* _Work instructions_: Using the listing below, set down exactly the lines from the one that contains "그래서 저 주소를 클릭했고, 아무래도" through the one that contains "ご不明点がございましたら、A", with no pictures.

* _Excerpted records_:
BEGIN

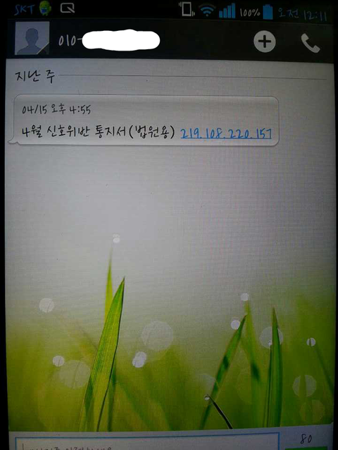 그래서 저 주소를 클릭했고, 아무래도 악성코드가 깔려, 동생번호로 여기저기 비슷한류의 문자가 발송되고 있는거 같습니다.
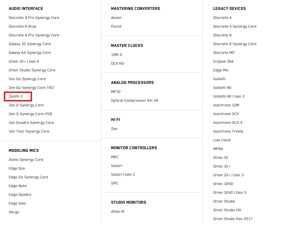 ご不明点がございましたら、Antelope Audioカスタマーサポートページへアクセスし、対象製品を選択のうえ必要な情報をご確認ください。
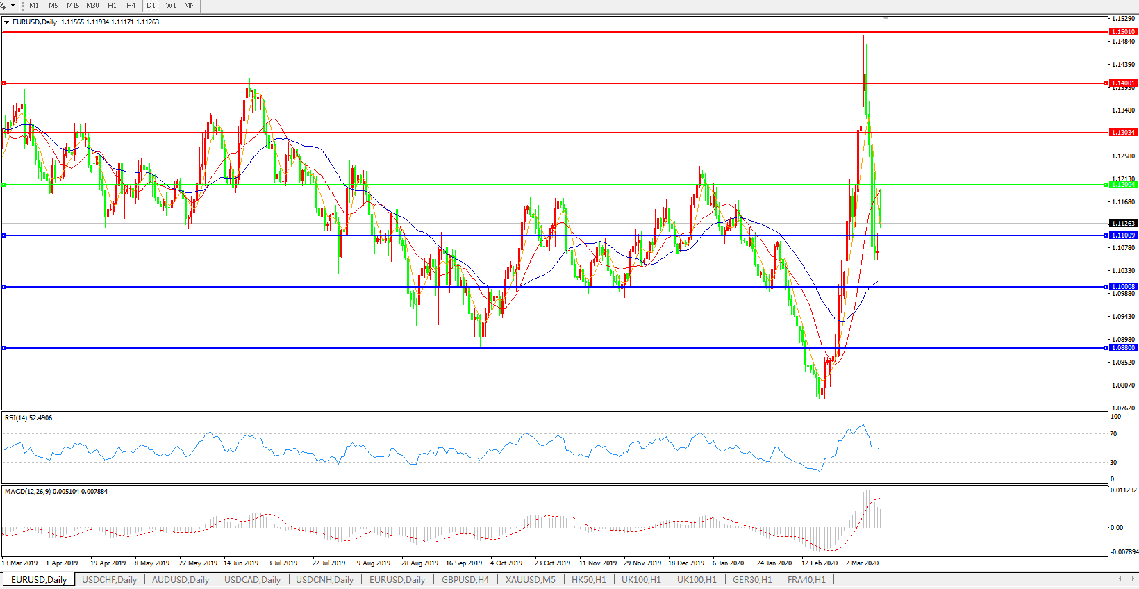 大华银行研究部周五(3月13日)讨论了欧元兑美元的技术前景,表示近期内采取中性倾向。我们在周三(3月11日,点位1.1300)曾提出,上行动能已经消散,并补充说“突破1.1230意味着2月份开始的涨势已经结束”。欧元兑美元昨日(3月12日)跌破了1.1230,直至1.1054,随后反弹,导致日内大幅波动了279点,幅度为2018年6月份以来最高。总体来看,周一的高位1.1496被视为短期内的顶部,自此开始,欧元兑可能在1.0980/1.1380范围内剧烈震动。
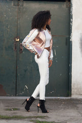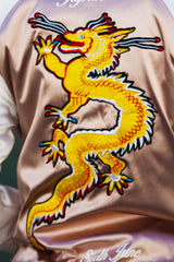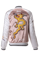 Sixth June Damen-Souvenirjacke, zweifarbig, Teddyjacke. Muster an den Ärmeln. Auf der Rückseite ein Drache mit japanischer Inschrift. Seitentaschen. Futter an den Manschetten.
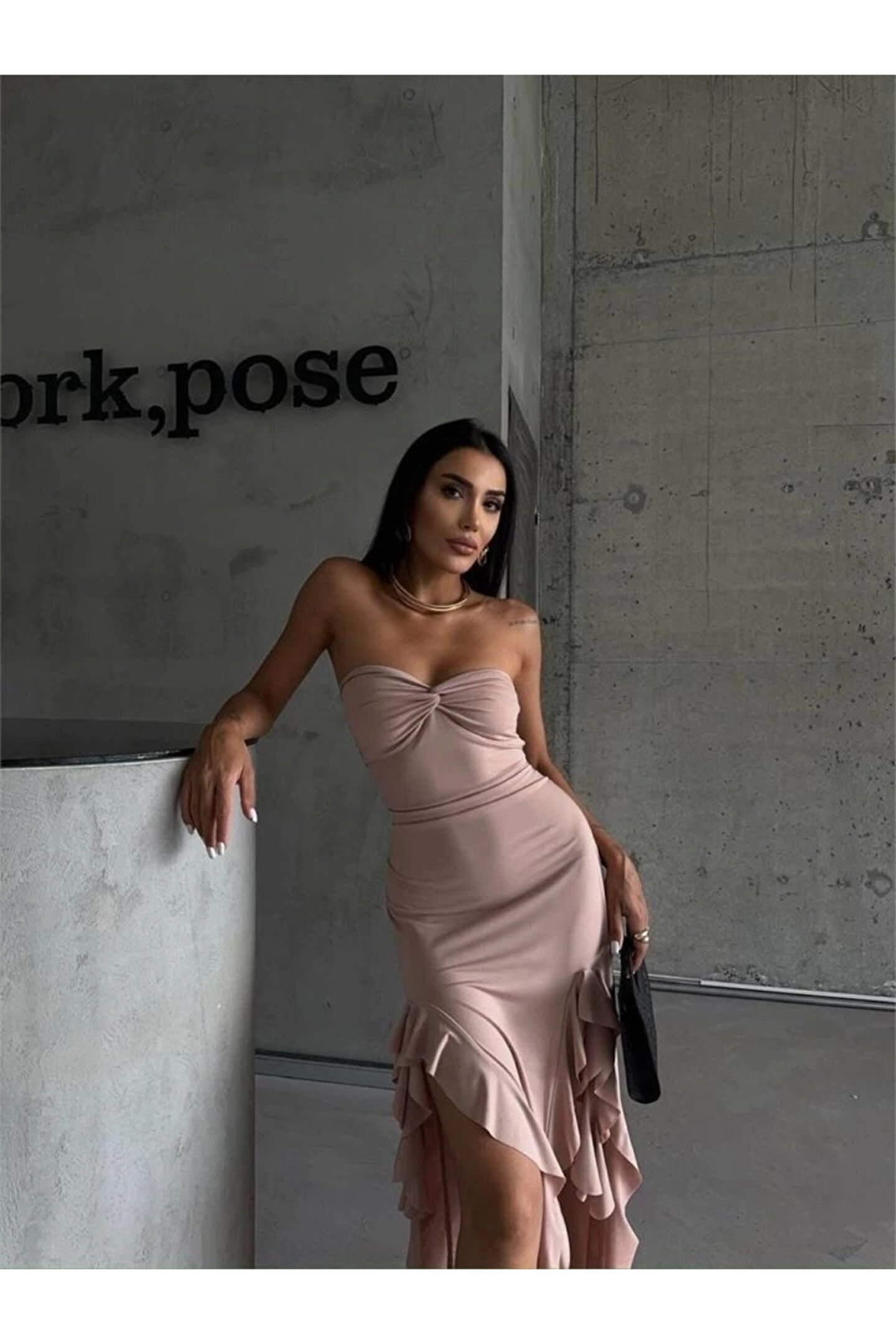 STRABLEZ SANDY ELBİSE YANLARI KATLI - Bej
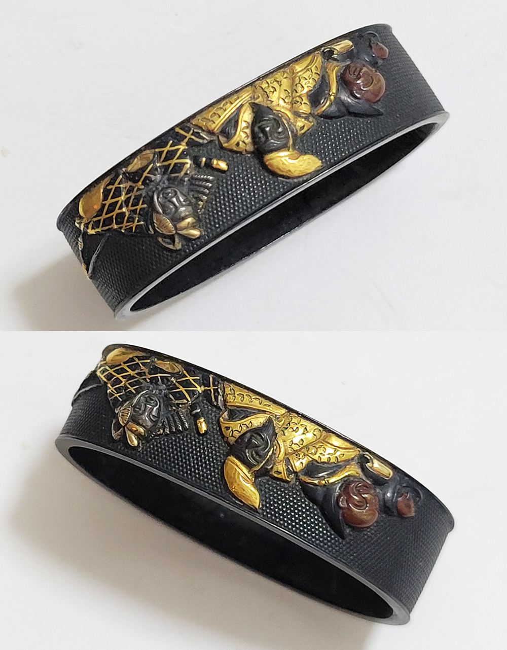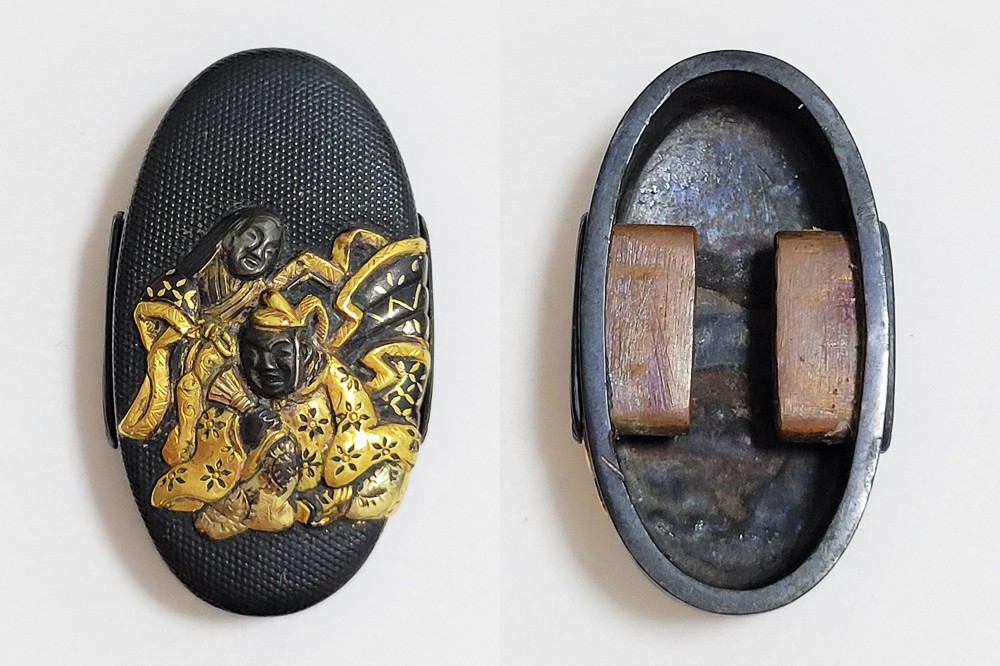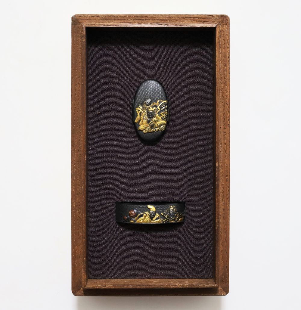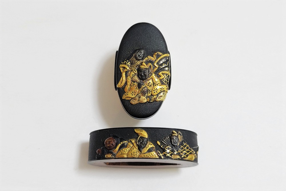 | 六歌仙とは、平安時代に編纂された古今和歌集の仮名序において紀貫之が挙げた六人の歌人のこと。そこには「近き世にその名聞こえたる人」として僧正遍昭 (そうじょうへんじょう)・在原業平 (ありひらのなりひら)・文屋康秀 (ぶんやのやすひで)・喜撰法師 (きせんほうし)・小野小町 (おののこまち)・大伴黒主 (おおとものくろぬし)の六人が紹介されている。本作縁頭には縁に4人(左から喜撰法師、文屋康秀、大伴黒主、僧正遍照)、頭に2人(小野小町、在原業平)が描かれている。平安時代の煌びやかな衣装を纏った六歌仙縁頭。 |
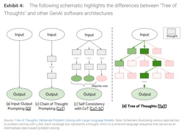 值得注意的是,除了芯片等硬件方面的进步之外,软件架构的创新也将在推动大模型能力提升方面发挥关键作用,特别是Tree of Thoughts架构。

END
BEGIN

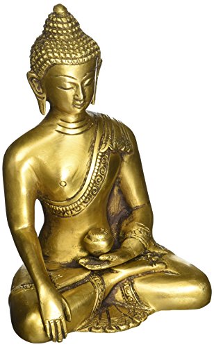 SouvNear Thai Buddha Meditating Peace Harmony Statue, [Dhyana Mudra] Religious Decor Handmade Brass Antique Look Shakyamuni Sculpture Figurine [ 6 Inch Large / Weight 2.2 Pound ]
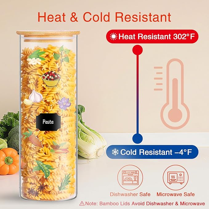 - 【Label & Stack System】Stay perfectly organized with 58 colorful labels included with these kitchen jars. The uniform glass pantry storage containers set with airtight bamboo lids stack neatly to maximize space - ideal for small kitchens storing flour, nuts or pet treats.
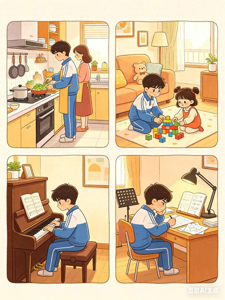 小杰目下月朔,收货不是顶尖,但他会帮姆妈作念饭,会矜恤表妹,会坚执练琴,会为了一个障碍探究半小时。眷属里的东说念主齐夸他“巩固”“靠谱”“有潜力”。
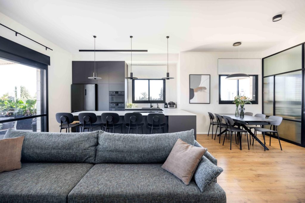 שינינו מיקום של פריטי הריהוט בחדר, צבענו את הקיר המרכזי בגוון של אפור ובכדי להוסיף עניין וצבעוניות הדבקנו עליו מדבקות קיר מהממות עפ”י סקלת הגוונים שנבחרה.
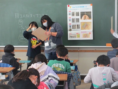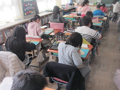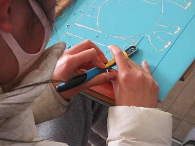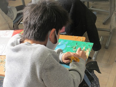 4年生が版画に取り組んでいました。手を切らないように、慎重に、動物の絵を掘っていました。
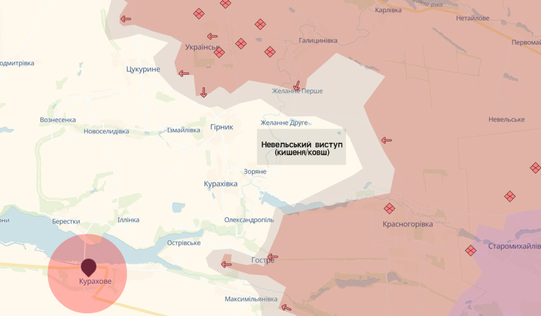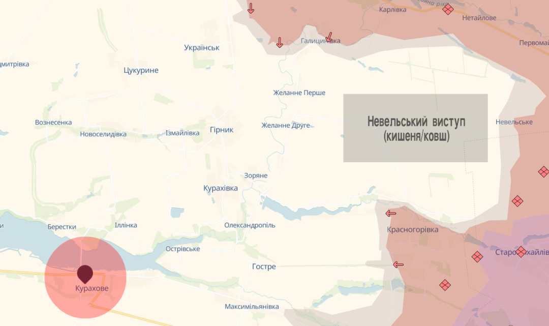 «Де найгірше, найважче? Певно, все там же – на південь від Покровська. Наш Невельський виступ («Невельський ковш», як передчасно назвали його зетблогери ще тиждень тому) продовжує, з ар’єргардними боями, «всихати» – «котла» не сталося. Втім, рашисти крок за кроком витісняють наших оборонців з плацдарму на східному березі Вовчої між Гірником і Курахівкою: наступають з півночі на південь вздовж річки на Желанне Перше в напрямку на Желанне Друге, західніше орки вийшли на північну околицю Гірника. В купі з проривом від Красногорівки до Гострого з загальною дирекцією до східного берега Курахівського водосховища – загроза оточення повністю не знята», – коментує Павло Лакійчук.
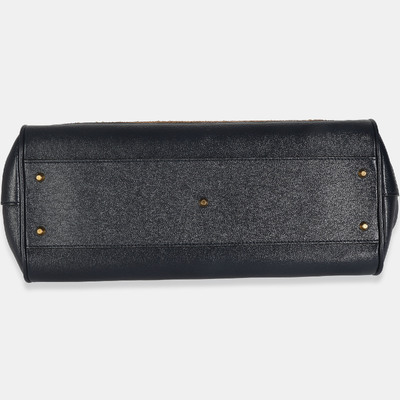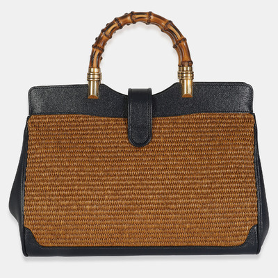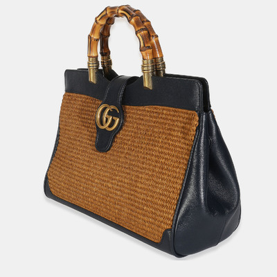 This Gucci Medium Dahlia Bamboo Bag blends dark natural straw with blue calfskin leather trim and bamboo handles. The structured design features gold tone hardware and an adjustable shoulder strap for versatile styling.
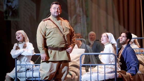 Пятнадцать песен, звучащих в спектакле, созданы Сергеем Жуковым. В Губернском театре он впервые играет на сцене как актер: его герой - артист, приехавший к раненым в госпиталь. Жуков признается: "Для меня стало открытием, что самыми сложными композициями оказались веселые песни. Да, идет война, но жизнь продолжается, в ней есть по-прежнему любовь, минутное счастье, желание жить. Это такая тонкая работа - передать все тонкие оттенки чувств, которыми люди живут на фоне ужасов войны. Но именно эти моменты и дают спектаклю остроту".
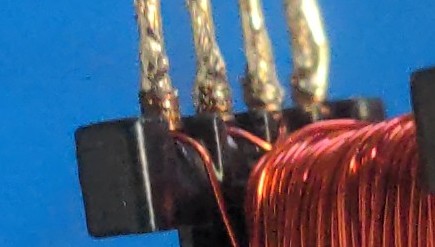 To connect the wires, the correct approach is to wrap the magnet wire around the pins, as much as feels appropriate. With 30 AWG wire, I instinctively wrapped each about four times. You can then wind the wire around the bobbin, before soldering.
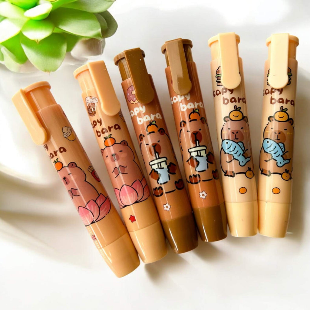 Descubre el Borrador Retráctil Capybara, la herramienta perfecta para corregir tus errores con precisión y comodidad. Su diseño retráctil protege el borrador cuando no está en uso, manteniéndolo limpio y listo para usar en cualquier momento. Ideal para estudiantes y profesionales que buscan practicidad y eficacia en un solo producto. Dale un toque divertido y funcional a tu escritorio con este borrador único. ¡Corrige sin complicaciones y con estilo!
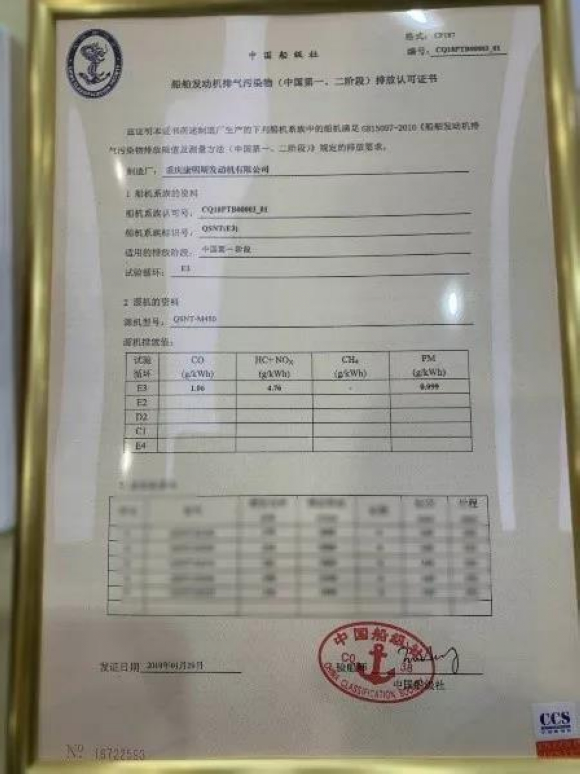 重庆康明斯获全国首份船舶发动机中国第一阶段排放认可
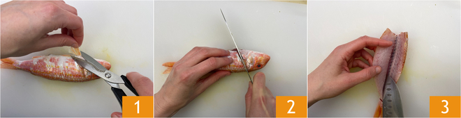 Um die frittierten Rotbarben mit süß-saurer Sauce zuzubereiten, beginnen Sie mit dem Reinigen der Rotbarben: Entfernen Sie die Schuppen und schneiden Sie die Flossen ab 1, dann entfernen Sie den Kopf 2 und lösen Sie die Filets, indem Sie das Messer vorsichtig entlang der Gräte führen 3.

END
BEGIN

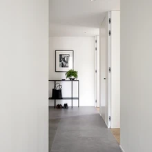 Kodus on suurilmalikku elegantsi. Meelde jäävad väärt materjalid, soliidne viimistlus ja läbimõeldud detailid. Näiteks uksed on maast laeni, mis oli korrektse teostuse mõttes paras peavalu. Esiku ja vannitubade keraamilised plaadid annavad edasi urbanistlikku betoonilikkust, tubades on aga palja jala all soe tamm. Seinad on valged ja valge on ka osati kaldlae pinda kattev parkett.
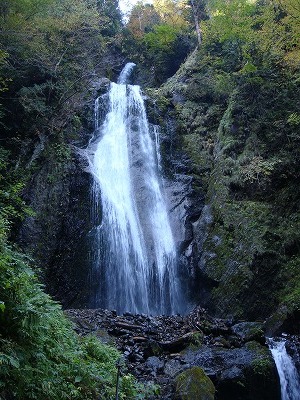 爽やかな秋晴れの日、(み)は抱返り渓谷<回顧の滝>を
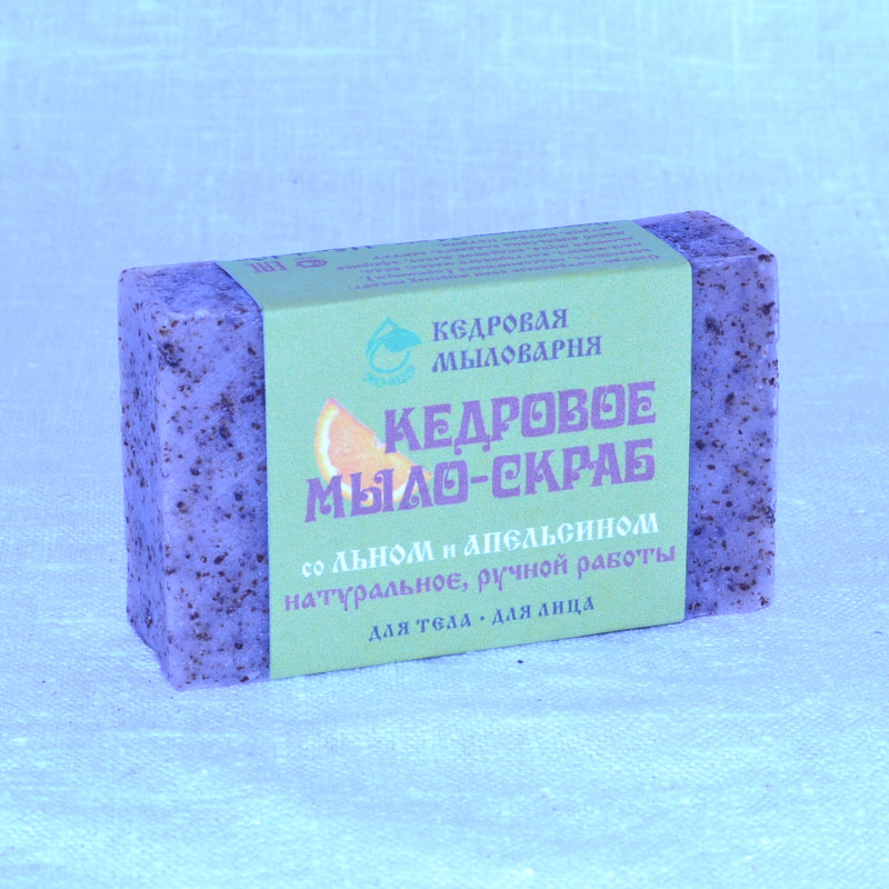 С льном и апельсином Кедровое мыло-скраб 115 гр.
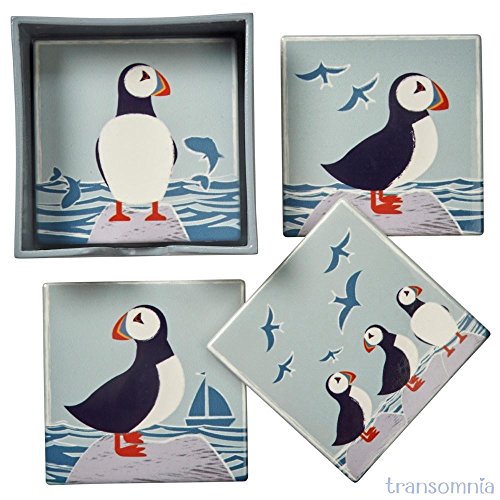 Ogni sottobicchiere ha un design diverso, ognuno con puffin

END

* _Exercise solution_:
 그래서 저 주소를 클릭했고, 아무래도 악성코드가 깔려, 동생번호로 여기저기 비슷한류의 문자가 발송되고 있는거 같습니다.
 ご不明点がございましたら、Antelope Audioカスタマーサポートページへアクセスし、対象製品を選択のうえ必要な情報をご確認ください。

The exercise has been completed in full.